* WHAT YOU WILL DO
Output only the lines below from the one holding "BVLGARI BVLGARI Theiva" down to the one holding "Pictured with the", both end lines included and every picture dropped.

* DATA EXTRACT

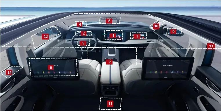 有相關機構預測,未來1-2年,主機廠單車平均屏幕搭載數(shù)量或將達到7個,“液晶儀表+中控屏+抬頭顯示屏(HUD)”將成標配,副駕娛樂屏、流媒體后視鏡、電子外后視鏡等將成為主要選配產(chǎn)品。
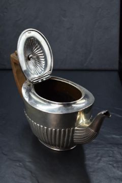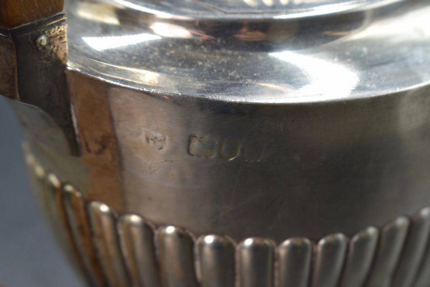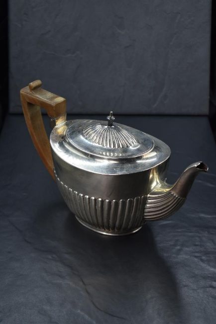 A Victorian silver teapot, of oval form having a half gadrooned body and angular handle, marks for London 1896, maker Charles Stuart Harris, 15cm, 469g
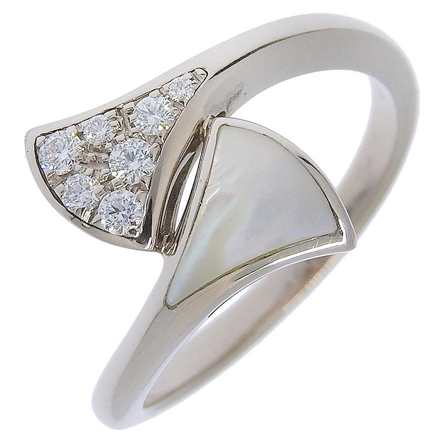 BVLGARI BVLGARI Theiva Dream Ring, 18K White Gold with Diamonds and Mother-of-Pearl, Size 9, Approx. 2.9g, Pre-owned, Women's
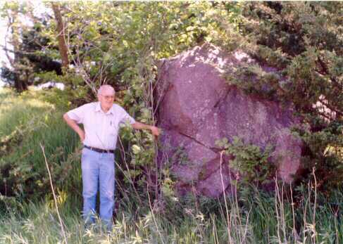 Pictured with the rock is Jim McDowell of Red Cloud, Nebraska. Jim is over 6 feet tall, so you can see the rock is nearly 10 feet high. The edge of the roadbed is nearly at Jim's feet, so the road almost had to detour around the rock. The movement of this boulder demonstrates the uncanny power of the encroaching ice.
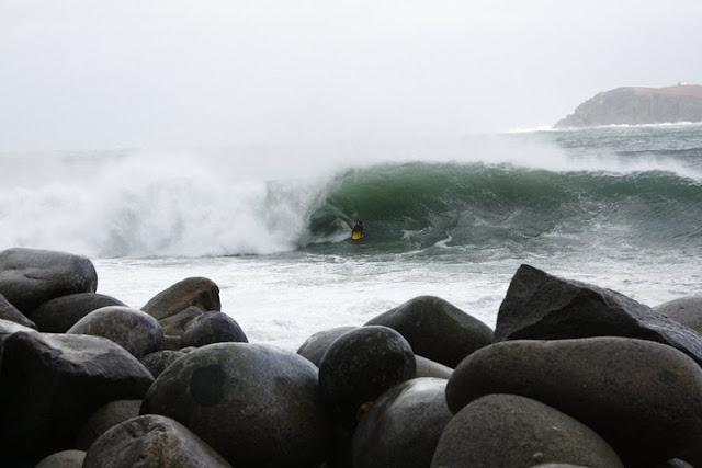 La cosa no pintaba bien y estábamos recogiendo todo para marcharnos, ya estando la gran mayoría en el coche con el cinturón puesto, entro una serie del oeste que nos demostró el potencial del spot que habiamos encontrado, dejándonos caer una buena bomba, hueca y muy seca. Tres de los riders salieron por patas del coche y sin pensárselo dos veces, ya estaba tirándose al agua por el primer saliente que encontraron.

...

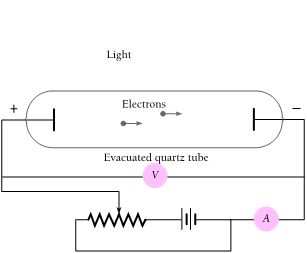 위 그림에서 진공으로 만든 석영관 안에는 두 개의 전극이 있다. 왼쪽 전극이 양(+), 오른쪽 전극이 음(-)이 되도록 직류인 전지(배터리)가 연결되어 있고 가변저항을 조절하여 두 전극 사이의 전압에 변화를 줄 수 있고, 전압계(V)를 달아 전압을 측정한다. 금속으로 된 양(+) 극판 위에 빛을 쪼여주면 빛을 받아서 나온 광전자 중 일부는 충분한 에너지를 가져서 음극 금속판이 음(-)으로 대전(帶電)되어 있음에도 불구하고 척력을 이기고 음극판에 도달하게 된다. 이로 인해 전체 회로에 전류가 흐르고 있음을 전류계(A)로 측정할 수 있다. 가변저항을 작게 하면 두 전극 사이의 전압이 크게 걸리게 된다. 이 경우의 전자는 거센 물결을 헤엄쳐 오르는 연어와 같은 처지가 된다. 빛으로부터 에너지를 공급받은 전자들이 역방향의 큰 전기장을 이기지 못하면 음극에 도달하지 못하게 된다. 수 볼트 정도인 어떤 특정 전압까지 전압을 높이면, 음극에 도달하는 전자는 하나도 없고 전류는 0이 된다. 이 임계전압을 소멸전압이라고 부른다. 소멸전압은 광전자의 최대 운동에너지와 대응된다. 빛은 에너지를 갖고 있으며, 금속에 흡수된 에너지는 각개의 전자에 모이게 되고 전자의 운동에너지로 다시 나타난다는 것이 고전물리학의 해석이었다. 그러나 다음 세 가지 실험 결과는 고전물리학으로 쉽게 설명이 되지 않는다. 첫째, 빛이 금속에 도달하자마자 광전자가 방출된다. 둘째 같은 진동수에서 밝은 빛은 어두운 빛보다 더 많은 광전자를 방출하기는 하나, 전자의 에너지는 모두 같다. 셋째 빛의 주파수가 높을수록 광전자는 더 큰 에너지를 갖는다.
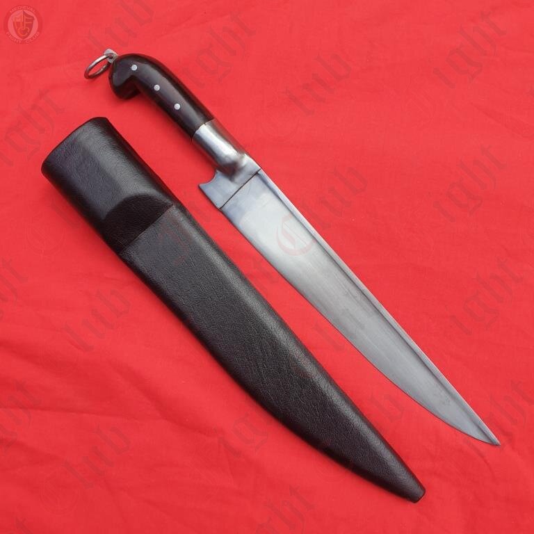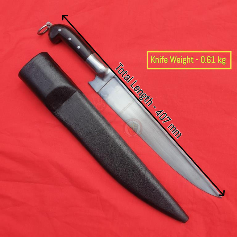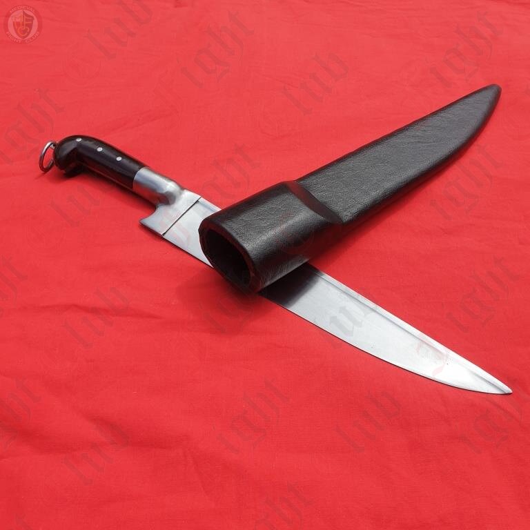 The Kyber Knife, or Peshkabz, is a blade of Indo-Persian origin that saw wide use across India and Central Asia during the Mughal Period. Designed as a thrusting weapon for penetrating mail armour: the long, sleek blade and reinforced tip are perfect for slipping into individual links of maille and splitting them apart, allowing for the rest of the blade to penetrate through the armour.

* * *

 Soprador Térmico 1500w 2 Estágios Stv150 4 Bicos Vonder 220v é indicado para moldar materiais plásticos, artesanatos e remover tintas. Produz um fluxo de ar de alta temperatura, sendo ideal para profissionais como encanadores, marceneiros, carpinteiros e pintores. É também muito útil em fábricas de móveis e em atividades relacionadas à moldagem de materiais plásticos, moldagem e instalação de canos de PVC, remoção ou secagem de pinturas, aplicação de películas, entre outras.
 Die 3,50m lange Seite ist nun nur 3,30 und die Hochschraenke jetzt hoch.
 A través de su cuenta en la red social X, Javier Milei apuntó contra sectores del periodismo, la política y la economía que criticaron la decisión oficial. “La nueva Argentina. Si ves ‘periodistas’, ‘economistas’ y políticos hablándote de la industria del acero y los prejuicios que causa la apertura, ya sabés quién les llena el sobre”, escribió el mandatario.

* TASK RESULT
 BVLGARI BVLGARI Theiva Dream Ring, 18K White Gold with Diamonds and Mother-of-Pearl, Size 9, Approx. 2.9g, Pre-owned, Women's
 Pictured with the rock is Jim McDowell of Red Cloud, Nebraska. Jim is over 6 feet tall, so you can see the rock is nearly 10 feet high. The edge of the roadbed is nearly at Jim's feet, so the road almost had to detour around the rock. The movement of this boulder demonstrates the uncanny power of the encroaching ice.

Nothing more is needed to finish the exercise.